Оставшись без власти, королева-мать обратила всё внимание на свою веру и детей, в частности на младшую дочь и младших сыновей. Генриетта Мария попыталась обратить в католичество Генри и Якова[108]. Более зрелый Яков увлёкся католичеством[109][110], однако обратился в него только через много лет после смерти матери[111][112]. Попытки обратить Генри не увенчались успехом и лишь разозлили роялистов и короля. Генриетта же почти с рождения воспитывалась в католичестве, хотя официально была крещена в нём только после смерти отца и окончания Фронды[113].

В 1651 году Генриетта Мария основала монастырь в Шайо[fr], в котором провела большую часть пятидесятых годов[114].

После Реставрации

После окончания Фронды французский двор сделал приоритетным поиск невесты для молодого короля. Генриетта Мария стала намекать на союз младшей дочери, Генриетты, и Людовика XIV, но королева Анна отвергла эту идею, предпочтя Генриетте дочь своего брата Филиппа IV, Марию Терезию[115]. Людовик XIV и Мария Терезия поженились в июне 1660 года, после чего Анна обратила внимание на своего второго, ещё неженатого сына Филиппа, герцога Орлеанского. В это же время проживавшая в шато-де-Коломб, личной резиденции за пределами Парижа, Генриетта Мария узнала о реставрации монархии в Англии и провозглашении королём её сына Карла II[116]; Генриетта Мария вместе с дочерью вернулась в Париж. Это судьбоносное изменение заставило Филиппа Орлеанского, известного бисексуала, с которым была связана серия скандальных историй, просить руки принцессы Генриетты.

Генриетта Мария собиралась вернуться в Англию, чтобы расплатиться с долгами, обеспечить приданое для дочери и предотвратить объявление о заключении брака герцога Йоркского с Анной Хайд, бывшей фрейлиной принцессы Марии, старшей дочери королевы[117]. В это же время, в сентябре 1660 года, от оспы умер другой сын Генриетты Марии, герцог Глостер[en][118][119]. В октябре Генриетта Мария с дочерью отправилась из Кале в Дувр, где остановилась в Дуврском замке.

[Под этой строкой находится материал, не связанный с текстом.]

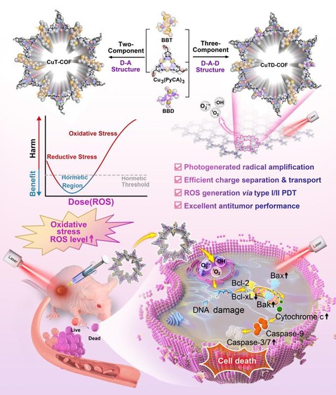 近日,bw必威西汉姆联/环境医学工程教育部重点实验室王进教授课题组在国际顶级学术期刊《Angew. Chem. Int. Ed.》上在线发表了题为《Photogenerated Radical Amplified D-A-D Metal-Covalent Organic Frameworks for Highly Efficient Photodynamic Tumor Therapy》的最新研究成果。该研究成功设计了一种三组分D-A-D型金属共价有机框架(MCOFs)(CuTD-COF)材料。与双组分D-A型材料CuT-COF相比,CuTD-COF具备更窄的带隙、更长的激发态寿命和更强的光捕获能力,从而显著增强光自由基效应。机理研究表明,D-A-D结构通过多路径电子转移促进层内电荷传输,降低激子结合能,加速载流子分离并抑制其复合,进而有效提升ROS产率。实验与理论计算共同证实,该类D-A-D型MCOFs在能带结构和氧吸附能力方面具有显著优势,展现出优异的体外光动力杀伤效果和体内抗肿瘤性能,为发展新型肿瘤光疗策略提供了新思路。

Предотвратить объявление о браке сына с Хайд не удалось: Анна была беременна и 22 октября того же года она родила сына; кроме того, на браке настаивал сам король Карл II, считавший, что сильный характер Анны окажет положительное влияние на его безвольного брата[120]. Генриетта Мария не разделяла мнения своего царственного сына, поскольку испытывала неприязнь к отцу Анны, графу Кларендону[121].

Возвращение вдовствующей королевы в Англию не вызвало восторга в обществе: как отмечал Сэмюэл Пипс, в честь неё было зажжено только три небольших костра[122]; он также описывал Генриетту Марию как «очень маленькую обыкновенную старую женщину и ничто… не отличало её от других простых женщин»[123]. Генриетта Мария поселилась в Сомерсет-хаусе и получала щедрую пенсию. 22 ноября от французского двора младшей дочери Генриетты Марии поступило официальное предложение о браке с Филиппом Орлеанским. Вдовствующая королева вместе с дочерью собиралась отправиться во Францию в ближайшее время, однако смерть от оспы её старшей дочери Марии, принцессы Оранской, задержала отъезд. В конце концов, Генриетта Мария в сопровождении Карла II, Руперта Пфальцского и Генриетты покинула Англию в январе 1661 года. 30 марта принцесса Генриетта и Филипп Орлеанский подписали брачный контракт в Пале-Рояль; официальная церемония состоялась на следующий день[124].

После свадьбы младшей дочери Генриетта Мария вернулась в Англию и планировала остаться здесь навсегда, но в 1665 году она заболела бронхитом, в чём винила погоду Англии[122]. Вдовствующая королева вернулась в Париж в конце того же года. Здесь она стала свидетельницей рождения своей внучки Анны Марии в августе 1669 года; Анна Мария впоследствии стала бабушкой французского короля Людовика XV, что сделало Генриетту Марию предком большинства современных королевских семей[125]. В 1668 году вдовствующую королеву в шато-де-Коломб навестила другая внучка, трёхлетняя Анна, дочь герцога и герцогини Йоркских, нуждавшаяся в лечении глазного заболевания; Анна прожила с бабушкой вплоть до её смерти, а затем оставалась во Франции под присмотром дочери Генриетты Марии герцогини Орлеанской[126].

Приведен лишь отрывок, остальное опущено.